[pslam]

Marc Stevens quotes $500K, which is very much still a threat (even an order of magnitude more would be). Plenty of organizations would be willing to spend that much pocket change on a single attack.

The game-changer is it's chosen-prefix. A vendor can produce a pair of entirely different binaries with the same hash, but most importantly, they look and behave sane except for the last few blocks of the file. This is easily hidden, especially if the binary is encrypted.

It's not a stretch of the imagination to see how, for example, an IP camera vendor could do exactly this. Yes, it requires a nefarious/complicit vendor, or an insider who can pull this off undetected (not everyone has a fully automated build/release pipeline).

So it changes the threat model. SHAtter was waived by many because the threat model didn't convincingly apply to them. Example: git. That analysis needs to be repeated.

(All this assuming the attack described in the paper is correct and practical in real world implementation)

[avar]

> SHAtter was waived by many because the threat model didn't convincingly apply to them. Example: git.
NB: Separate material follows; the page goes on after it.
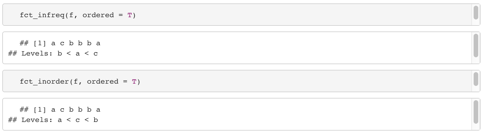 - fct_inorder : 처음 등장한 순서대로 levels를 정렬한다.

Git quickly switched to the sha1collisiondetection library[1] by default after the SHAttered attack was published. It's a SHA-1 library written by the authors of the paper which the attack.

Edit: Marc Stevens saying that existing library will mitigate this new attack: https://twitter.com/realhashbreaker/status/11284190295369236...

1. https://github.com/cr-marcstevens/sha1collisiondetection

[AnaniasAnanas]

That still does not solve the issue with OpenPGP signatures though, does it?

[avar]

It does, because a tag pointing to the malicious content wouldn't hash with sha1collisiondetection's modified SHA-1, just like you can't add the SHAttered PDFs to git.

[bin0]

Git isn't really designed for cryptographic security, is it? I have heard that Linus wants it mostly secure so people can verify the integrity of linux source code, but it's not its core competency, so to speak. Though I suppose a project the size of the linux kernel could be a serious target for a collision attack.

Regardless, it's switching to SHA-256: https://stackoverflow.com/questions/28159071/why-doesnt-git-...

[gnomewascool]

Git signatures are designed for cryptographic security, and they (currently) rely on the SHA-1 hashes.

When you're signing a commit (or a tag) you're just signing the commit (or tag) message which includes the SHA-1 hash of the relevant "root" tree object (or commit object). The tree object, in turn is (in effect) a list of SHA-1 hashes of the files directly in the directory, along with their file sizes and permissions, plus the hashes of the tree objects corresponding to any subdirectories.

Consequently, if you replaced a file with another having the same SHA-1 hash (and the same file size — a considerable complication), all the hashes would remain the same and the signature would still be valid.

Obviously, once git transitions to SHA-256, the problem will disappear.

[pslam]

An easy example with git would be to create a pair of read-only repositories: one public-facing which is cloned by the general public, and one with (potentially entirely) different contents which can be selectively pulled depending on the client.

There's a complication with the few appended trailing blocks being invalid data, but the format might allow it, and git doesn't verify its integrity recursively.

[avar]

> git doesn't verify its integrity recursively

Yes it does. On clone the entire history is recursively hashed, and incrementally on fetch.

There isn't even any place in the protocol to transfer pre-hashed content, it must be hashed to make it addressable.

[hannob]

> Git isn't really designed for cryptographic security, is it?

Well, the git documentation says it is: https://git-scm.com/book/en/v2/Git-Tools-Signing-Your-Work

It is certainly not helpful that Linus at the same time says conflicting things publicly. It would be nice to have some clearly documented expected security properties of the git structure.

This confusion is all a bit unfortunate. While the attack scenarios are obscure, with a secure hash function Git would have some really nice properties to use it in other areas, it would effectively be a secure append-only log. (Some people call this something with the B word which I'll avoid, but that's effectively what it is.)

[jwilk]

FWIW, this isn't official Git documentation, just a book about Git.